I was not aware the League front office also awarded a first round bye to the No. 3 seed in each conference. Nothing like going into the Metrodome as fresh as a daisy; all rested and relaxed. A chance to mend a few bumps and bruises. That's good stuff. What's that? The Cowboys didn't have a bye week last weekend during the Wild Card round? Oh, they actually played last Saturday night? Did their opponent not show? Ah yes, this was Walk in the Park – Round Two, Return of the Filth. Silly me, now I remember. I guess I must have tuned out shortly after Spit Gate broke and further soiled an already pathetic and disgusting Philadelphia resume. Dave Spewdaro, like the team he covers, is simply a joke; nothing more than a stain on the wall. Just when you think this team and their fan base can't stoop any lower, they somehow manage to lower the bar.
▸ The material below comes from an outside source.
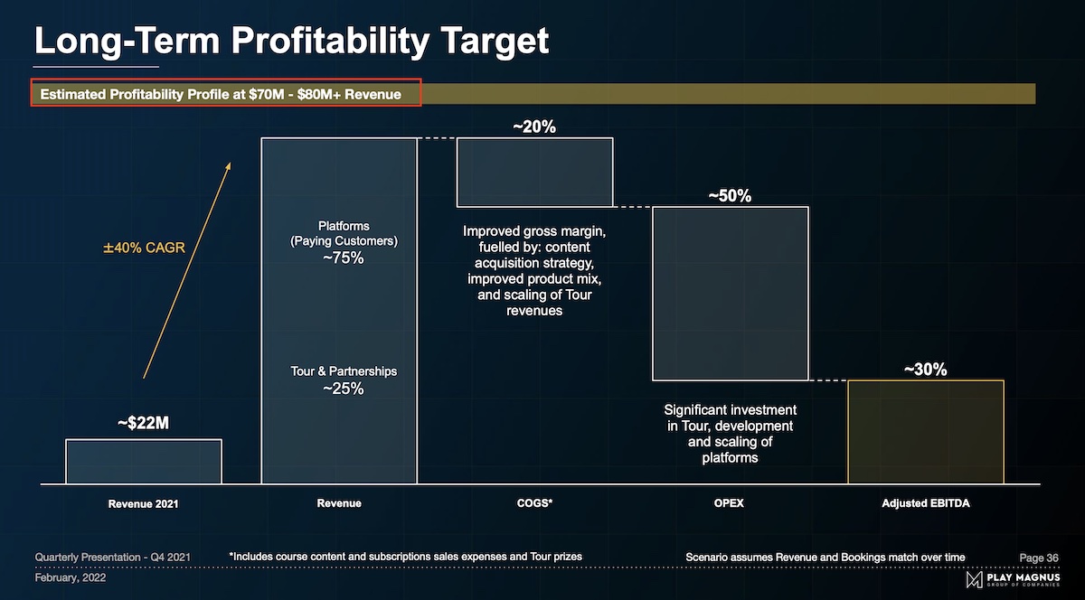 In der Q4 Präsi wird geschrieben, dass sie ab 70-80 Mio. Umsatz die Rentabilität erreichen wollen. Es wird von 30% AEBITDA ausgegangen.

That's our Philly!
Like the Monday morning trash, at least that mess has been disposed of properly. Nice team. How was Bob's? At least the steaks were good as the field performance was less than fulfilling. Luckily, tee times were maintained, and the Philly faithful can get on with the only trophy they play for, year in and year out. Wing Bowl. Yes, you heard right. Their January ritual and only constant as it relates to post season competition. Sponsored by the blow hard station of all sports talk radio stations, WIP 610 AM, Philadelphia. Ever heard it? Pull it up on the internet and give it a listen. It will immediately reaffirm your desire for your children to go to college. This is a collection, radio personnel and listener base, where the IQ level never quite reaches the freezing mark. On a good day, it gets into the high 30's. Fire it back up in late March and they'll still be talking about how they were a mere two plays away from winning Saturday night's contest.
Oh, but how I digress. Everyone is reporting on the current primate outbreak in the DFW Metroplex. Monkeys seem to be flying off backs everywhere in these parts. It's literally bananas. OK, things were going pretty good up until that last attempt at humor. Sad, really. Along with the reports come all the theories and guesstimates on why the playoff victory drought even existed and why so darn long? I believe there is only one true answer to this entire post season meltdown of 13 years. Rowdy. Laugh if you must. You have your reasons, and I have mine. No one will ever sway me to believe otherwise. Yes, the Cowboys' former game day mascot was the root of all evils. Satan himself donned this treacherous costume immediately following the conclusion of Super Bowl XXX. This was a conspiracy theory like no other. You think the JFK assassination and subsequent Warren Report had some flimsiness and unsubstantiated answers. This caper tops them all.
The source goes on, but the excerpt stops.